> **Exercise directions**
Starting at the line that holds "Pantaloneta de Ciclismo", reproduce each line exactly up to and including the last line of the records below. Pictures stay out.

Dataset records

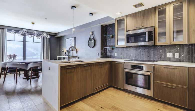 Private corner residence with immediate access to Aura Lounge, Grotto and Ski Locker Room. Walk-out ski-slope patio with large operable window walls and direct access to ski/hiking trails. Flex room allows owners to personalize use, whether office, bedroom, or media room. Spacious entertaining kitchen showcases Wolf appliances and large kitchen island. Private, direct elevator access via a gracious residence entry. Luxurious primary bedroom with walk-in closet and spa-inspired bathroom. Ensuite guest bedrooms with an additional powder room plus shower for the flex room. Pricing and all information subject to change. Artist’s conceptual rendering used are intended solely for illustrative purposes.
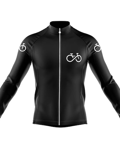 Herren Radtrikot Grafik Langarm Fahhrad Trikot Oberteil mit 3 Gesäßtaschen Mountainbike MTB Straßenradsport Schnelltrocknend Reflektierende Streifen Rückentasche Feuchtigkeitsableitend Sport Schwarz
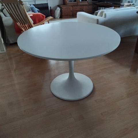 Myydään hyväkuntoinen, jämäkkä ruokapöytä, halkaisija 110cm. Pinta kunnossa.
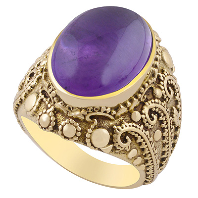 Home | Fashion Rings | Brass Men's Rings | Stunning Handcrafted Work Around Amethyst Oval Shape Solid Brass Men's Ring
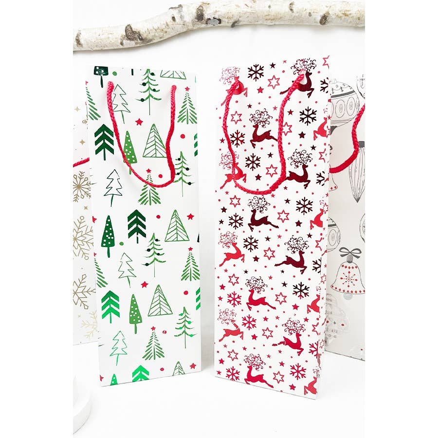 Christmas Theme Wine Gift Bag -The design is simple yet sophisticated, adorned with beautiful printed patterns and decorations to make your wine gifts stand out and unique. -Dimension- 14 1/4Inch L x 5 Inch W x 3 1/4 Inch D -4 Styles Wine Gift Bag Assorted
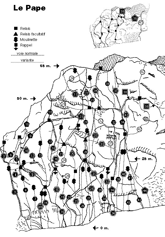| Départ à l'extrème gauche de la grotte du départ du Pape. Un crochet à gauche, puis tout droit jusqu'à la moulinette. Il est possible de continuer par la Française ou le Pape. |
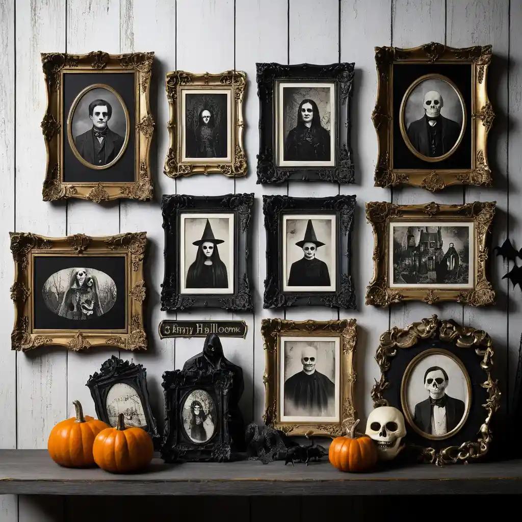 Print vintage Halloween posters or eerie black-and-white photography. Frame them in distressed wood or ornate gold frames for a dramatic effect.
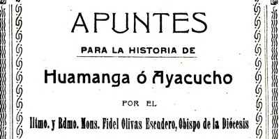 «Apuntes para la historia de Huamanga o Ayacucho […] con motivo del Primer Centenario de la Batalla, 1824-1924» por Fidel Olivas Escudero (Ayacucho, 1924)
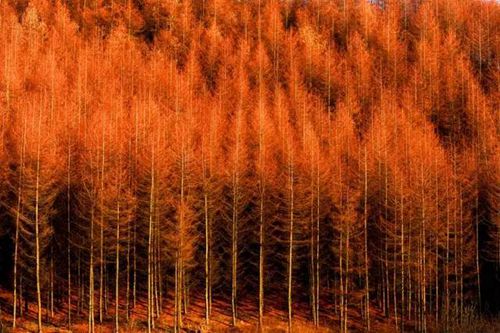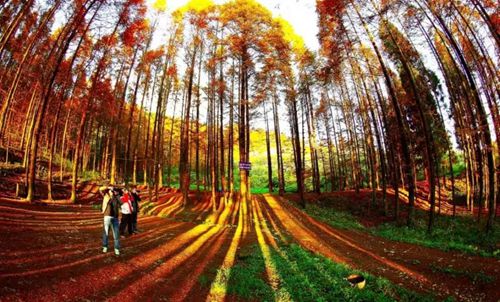 山王坪的成片成片的水杉林也是一大特色。进入秋天,它们纷纷披上金黄的外衣,漫山遍野,一片片火红。
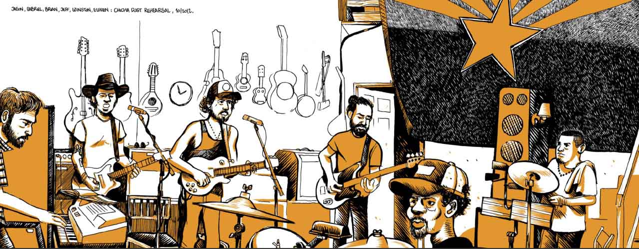 Dans un style évoquant les comics alternatifs US, l’auteur nous invite à le suivre dans ce reportage présentant des portraits de musiciens talentueux biberonnés à la country et quasiment inconnus dans leur pays, des musiciens dans la galère tentant de subsister grâce aux tournées qui coûtent souvent plus cher qu’elles ne rapportent… Heureusement pour eux, le salut est venu d’Europe où ils sont régulièrement invités à se produire dans des festivals. D’autres sujets sont abordés : la politique, les armes à feu, l’immigration mexicaine – Tucson est à quelques miles de la frontière, enclave progressiste dans un état ultraconservateur, où peut s’exprimer la résistance de certains face aux discours généralisés de repli et d’autodéfense. Il y a aussi le désert environnant et ses cactus variés dont les épines tranchantes ne sont quant à elles justifiées que par les rigueurs du climat. Et enfin, la fête des morts du 4 novembre, la All Souls Procession, où tout le monde est grimé en squelette, une tradition héritée de l’époque où l’Arizona appartenait encore au Mexique. Car à Tucson, ville festive s’il en est, la mort et les vautours ne sont jamais loin, le jaune terreux de cette bichromie soignée étant aussi là pour nous rappeler la proximité du brûlant Sonora.
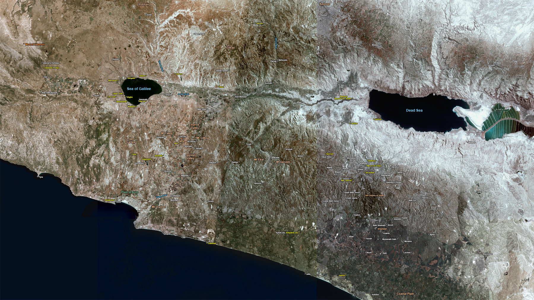 Mount Hermon Nimrod's Fortress Caesarea Phillipi Dan Abel Beth macaah Tyre Ptolemais Acco Plain of Acco Mount Carmel Kishon River Muhraqa Jokneam Shimron Hannathon Sepphoris Nazareth Cana Lower Galilee Daberath Mt Tabor Nain Yenoam Hammath Tiberias Magdala Gennesaret Chorazin Hazor Capernaum Bethsaida Sea of Galilee Gergesa Hippos Yarmuk River Gamala Golan Bashan Beth Arbel Gilead Jabesh Gilead Gadara Jordan River Beth Shan Abel Meholah Pella Harod Valley En Dor Hill of Moreh Shunem En Harod Mt Gilboa Jezreel Jezreel Valley Taanach Dothan Tirzah Megiddo Arumah Dor Caesarea Jaffa Lower Beth Horon Samaria Mt Ebal Shechem Mt Gerizim Mizpah Bethel Baal Hazor Shiloh Ephraim Arumah Adam Succoth Penuel Mahanaim Jabbok River Gerasa Rabbah Ammon Gilead Heshbon Medeba Beth Jeshimoth Jericho Jericho Qumran Micmash Geba Ramah Gibeah Anathoth Bethany Mount of Olives Gibeon Nebi Samwil Jerusalem Herodium Tekoa Bethlehem Solomon's Pools Upper Beth Horon Kiriath Jearim Hill Country of Judah Beth Zur Aijalon Beth Shemesh Socoh Adullam Keilah Shephelah Gezer Timnah Azekah Moresheth Gath Maresha Hebron Ekron Jamnia Ashdod Coastal Plain Gath Lachish Beersheba Eglon Arad Masada En Gedi Kir Hareseth Diban Zoar Bethany Beyond the Jordan Dead Sea Aphek (ot), Antipatris (nt))) Tabgha
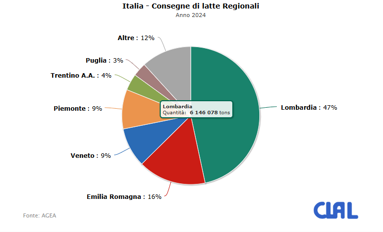 – Consegne di latte vaccino alle latterie a livello di regione, anno 2024 (CLAL.it)Ā
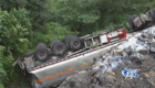 湖北載23噸汽油罐車側翻懸崖1死3傷
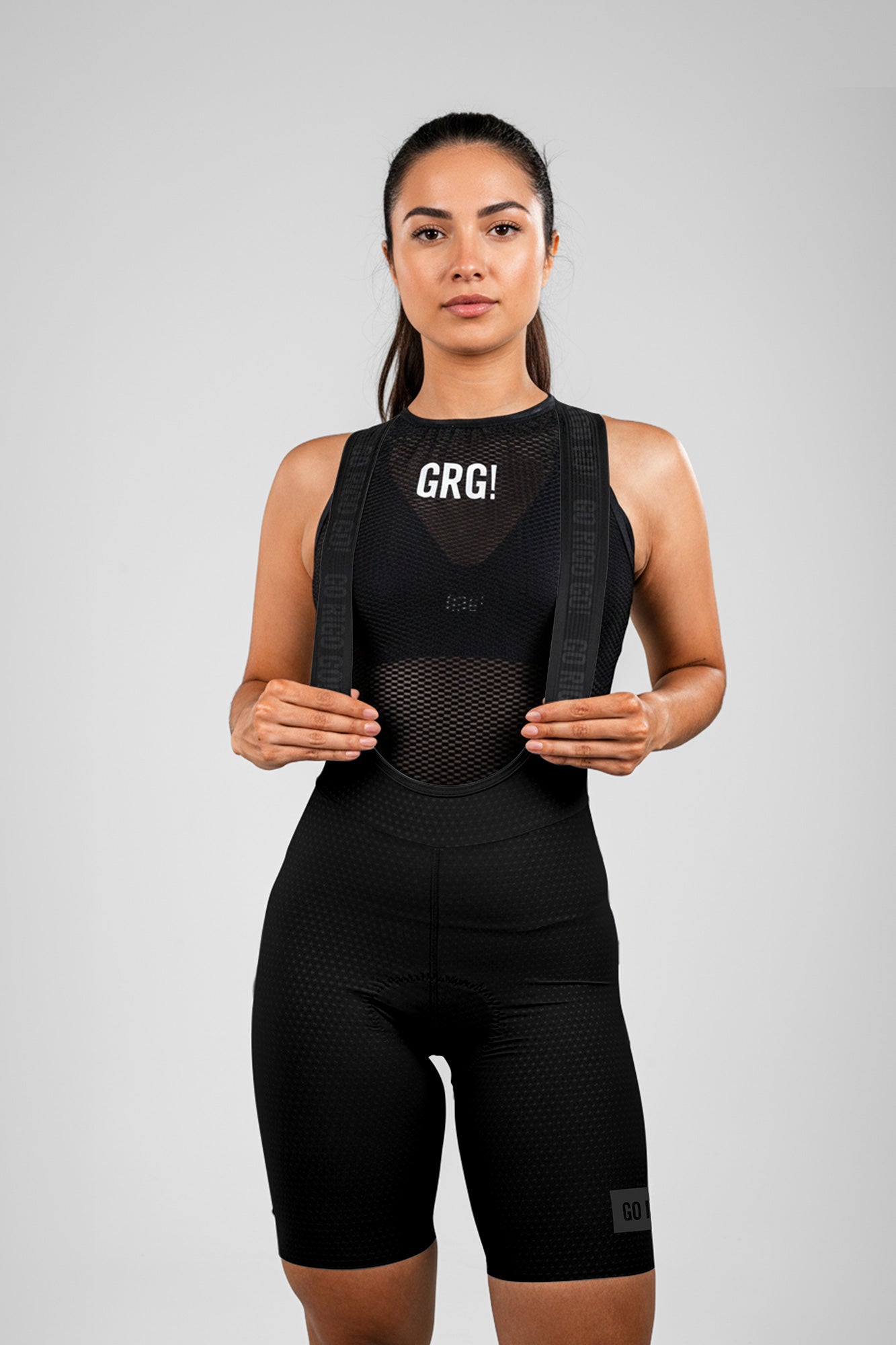 Pantaloneta de Ciclismo Sin Costuras KM200 Black Gofrada Negative
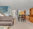 • Spacious living room with tile flooring, large windows, multiple plants, couch, dining table and chairs, coffee table, cat tree.

> **Reply to the task**
 Pantaloneta de Ciclismo Sin Costuras KM200 Black Gofrada Negative
 • Spacious living room with tile flooring, large windows, multiple plants, couch, dining table and chairs, coffee table, cat tree.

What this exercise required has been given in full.